Activity = With every picture left out, restate the listing below exactly as written.

Supplied information =
----------

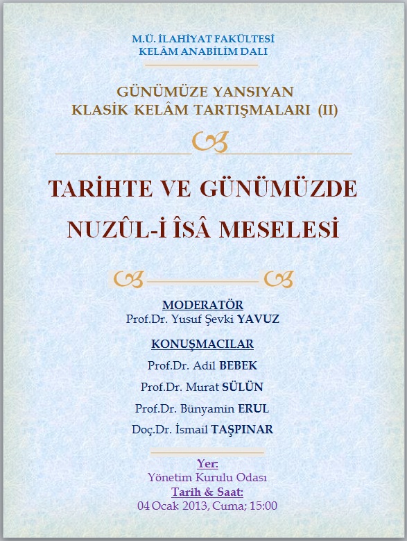 "Tarihte ve Günümüzde Nuzûl-i İsâ Meselesi" başlıklı Günümüze Yansıyan Klasik Kelâm Tartışmalarının ikincisi, Marmara İlahiyatta 04.01.2013 Cuma günü düzenleniyor, fırsat bulan herkes davetlidir. Afiş için tıklayınız!
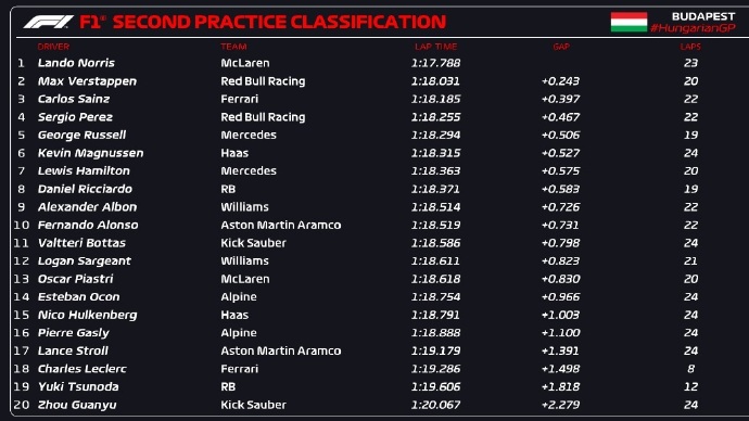 直播车讯 北京时间7月19日,F1匈牙利站二练结束,诺里斯全场最快,维斯塔潘、赛恩斯位居二、三,勒克莱尔上墙退赛,周冠宇遭佩雷兹阻挡后轮胎损坏,无有效软胎成绩,位居垫底。
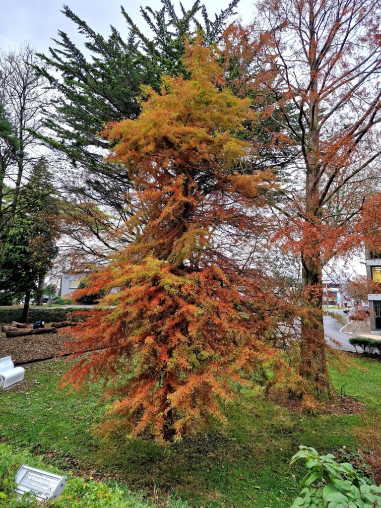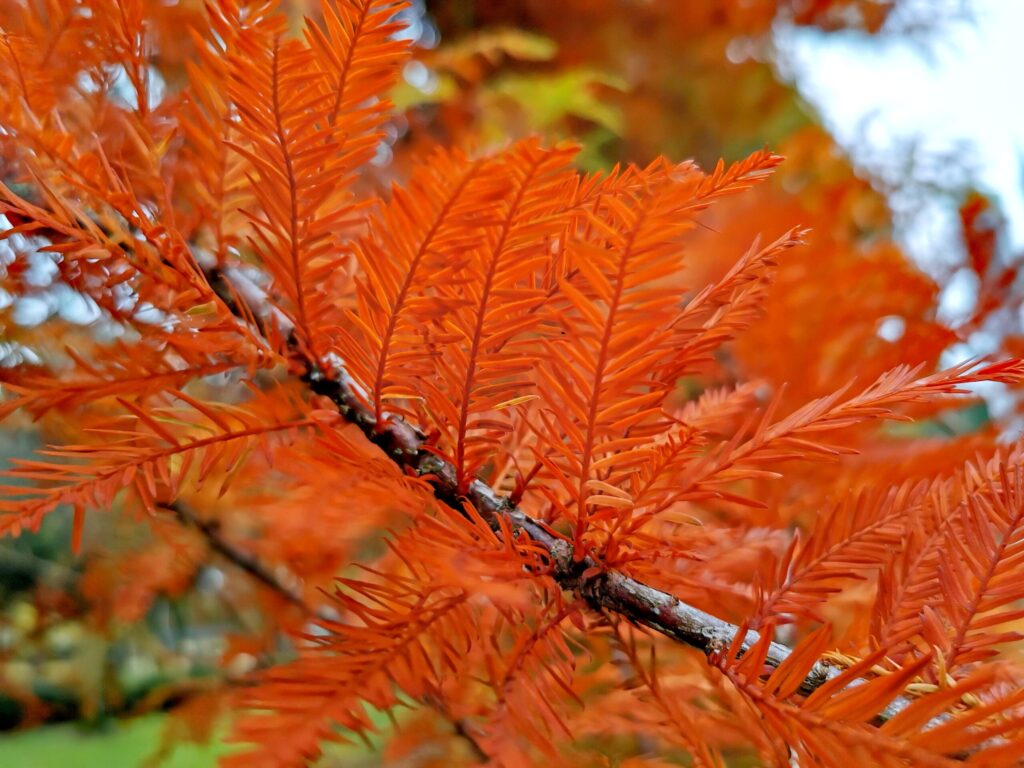 Bíonn na duilleoga líneach agus leacaithe. Bíonn siad cosúil le spíonlaigh buaircíneacha, seachas go mbíonn siad bog agus cleiteach. Bíonn dath glas nó buíghlas orthu san earrach agus sa samhradh, ach tagann dathanna suntasacha oráiste agus dearga orthu sula dtiteann siad sa bhfómhar. Cosúil le buaircíneacha eile, is cóin iad bláthanna an chrainn, agus is buaircíní iad na torthaí.

----------

Finished task =
 "Tarihte ve Günümüzde Nuzûl-i İsâ Meselesi" başlıklı Günümüze Yansıyan Klasik Kelâm Tartışmalarının ikincisi, Marmara İlahiyatta 04.01.2013 Cuma günü düzenleniyor, fırsat bulan herkes davetlidir. Afiş için tıklayınız!
 直播车讯 北京时间7月19日,F1匈牙利站二练结束,诺里斯全场最快,维斯塔潘、赛恩斯位居二、三,勒克莱尔上墙退赛,周冠宇遭佩雷兹阻挡后轮胎损坏,无有效软胎成绩,位居垫底。
 Bíonn na duilleoga líneach agus leacaithe. Bíonn siad cosúil le spíonlaigh buaircíneacha, seachas go mbíonn siad bog agus cleiteach. Bíonn dath glas nó buíghlas orthu san earrach agus sa samhradh, ach tagann dathanna suntasacha oráiste agus dearga orthu sula dtiteann siad sa bhfómhar. Cosúil le buaircíneacha eile, is cóin iad bláthanna an chrainn, agus is buaircíní iad na torthaí.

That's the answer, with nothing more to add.